Copy exactly, and only, the lines from the one with "Un libro che" to the end of the listing; omit pictures.

-- SOURCE MATERIAL --
####################

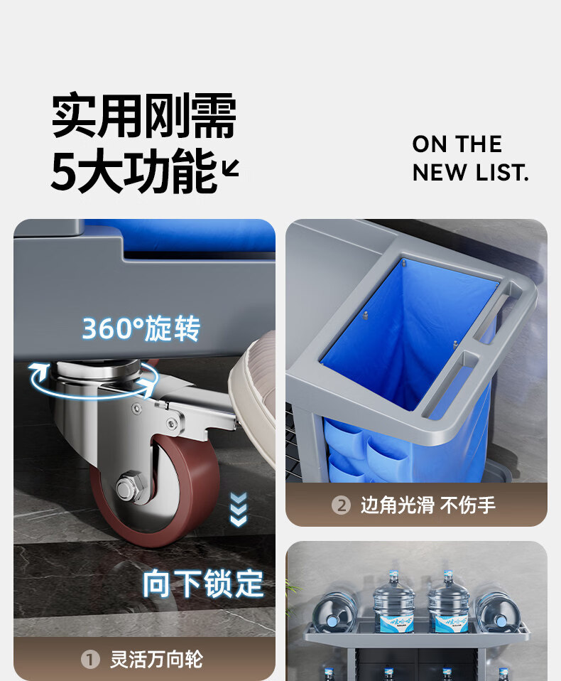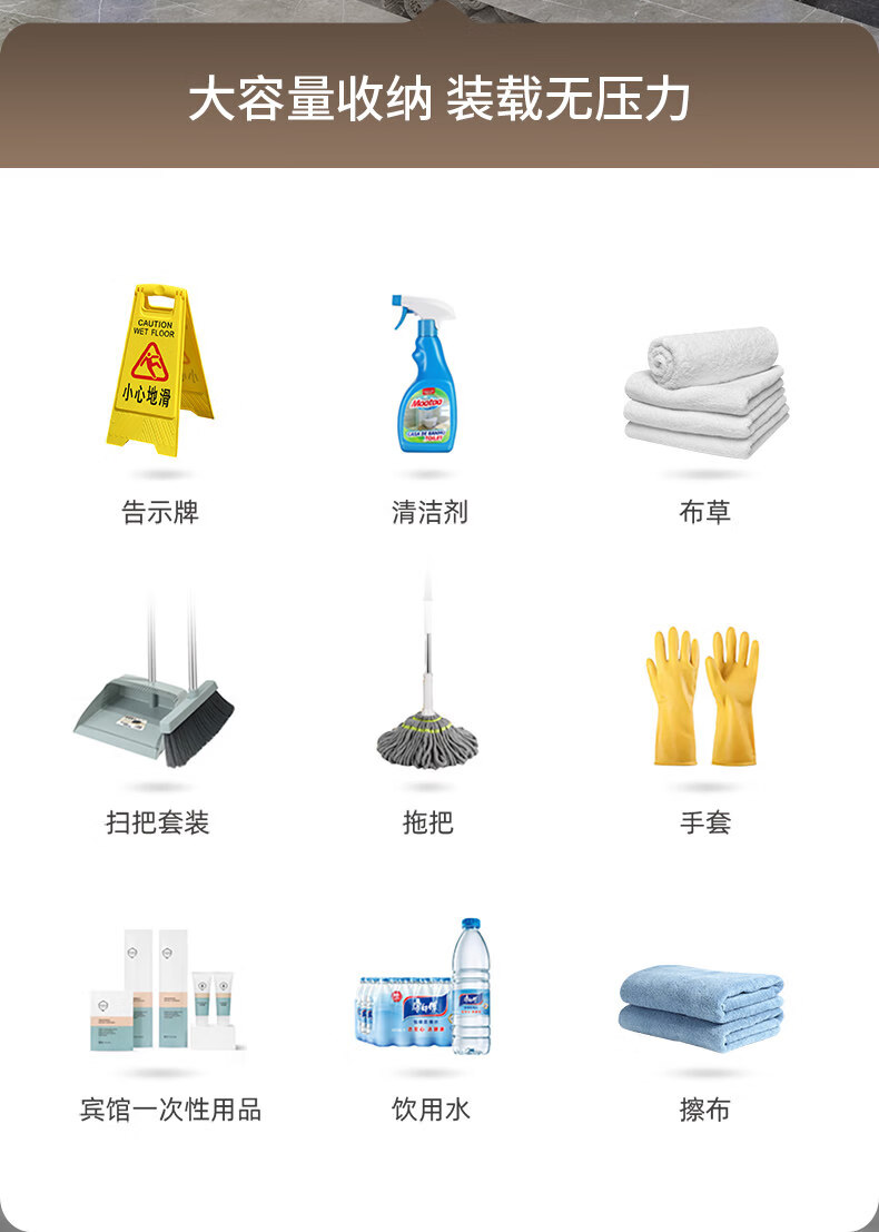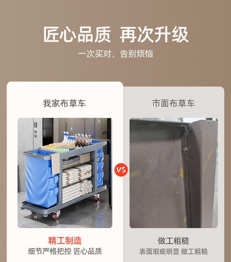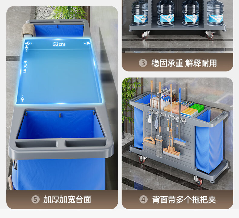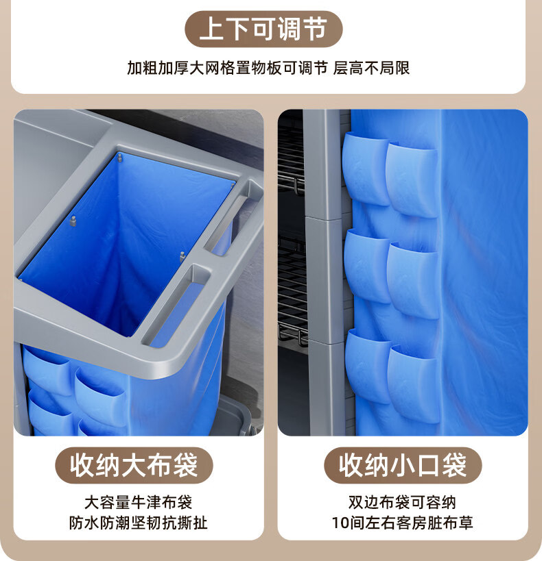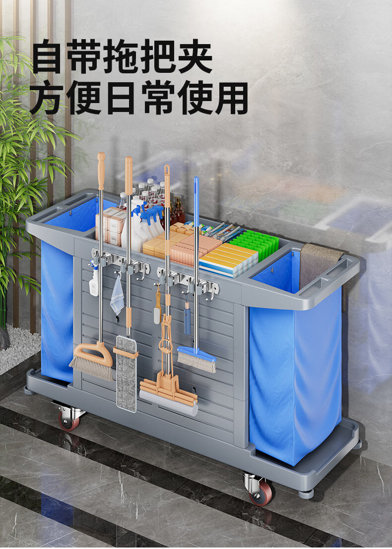 Hotel linen cart, guest room special work cart, hotel room cleaning, multi-functional cleaning trolley, flagship three-layer, bilateral-wheel
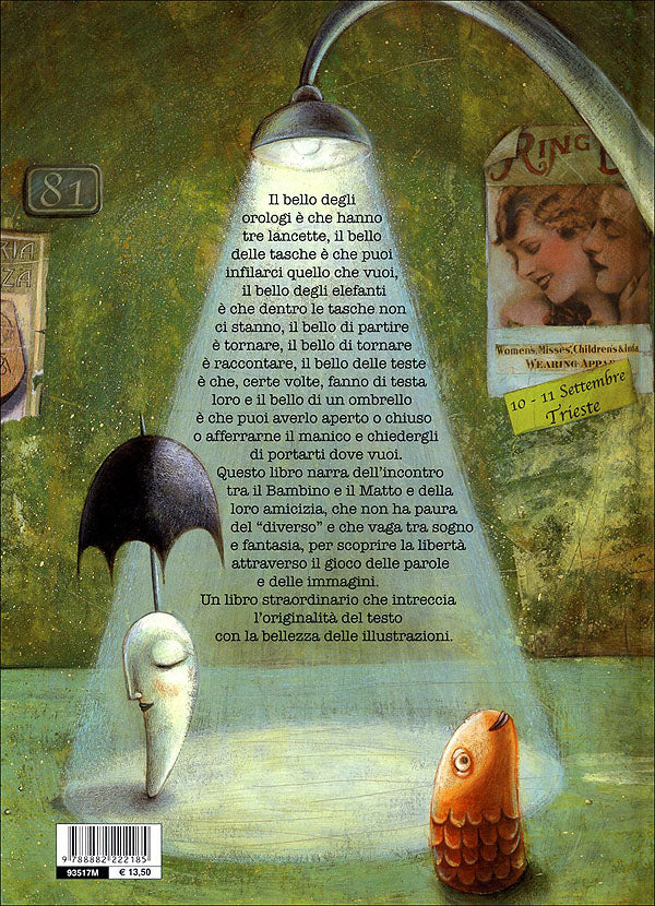 Un libro che narra dell'incontro tra il Bambino e il Matto e della loro amicizia, che non ha paura del ''diverso'' e che vaga tra sogno e fantasia, per scoprire la libertà attraverso il gioco delle parole e delle immagini.
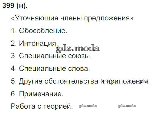 ГДЗ решение к заданию № 399 Русский язык 8 класс Бархударов Просвещение 2018 ФГОС бесплатно на гдз.мода!
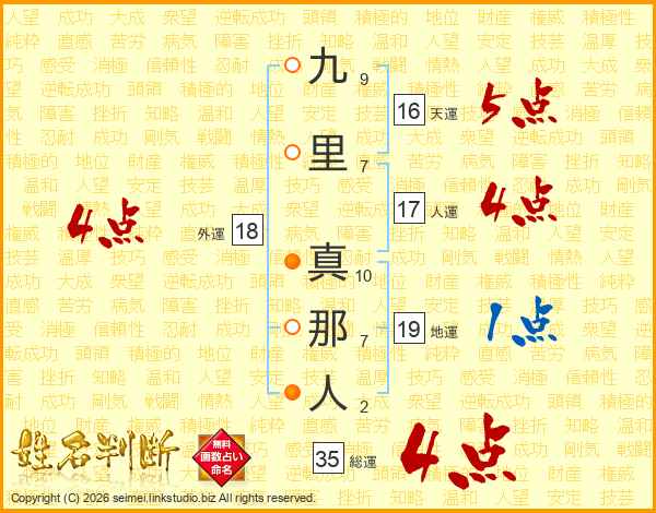 九(9画)里(7画) 真(10画)那(7画)人(2画)

####################

-- SOLUTION TO THIS PROBLEM --
 Un libro che narra dell'incontro tra il Bambino e il Matto e della loro amicizia, che non ha paura del ''diverso'' e che vaga tra sogno e fantasia, per scoprire la libertà attraverso il gioco delle parole e delle immagini.
 ГДЗ решение к заданию № 399 Русский язык 8 класс Бархударов Просвещение 2018 ФГОС бесплатно на гдз.мода!
 九(9画)里(7画) 真(10画)那(7画)人(2画)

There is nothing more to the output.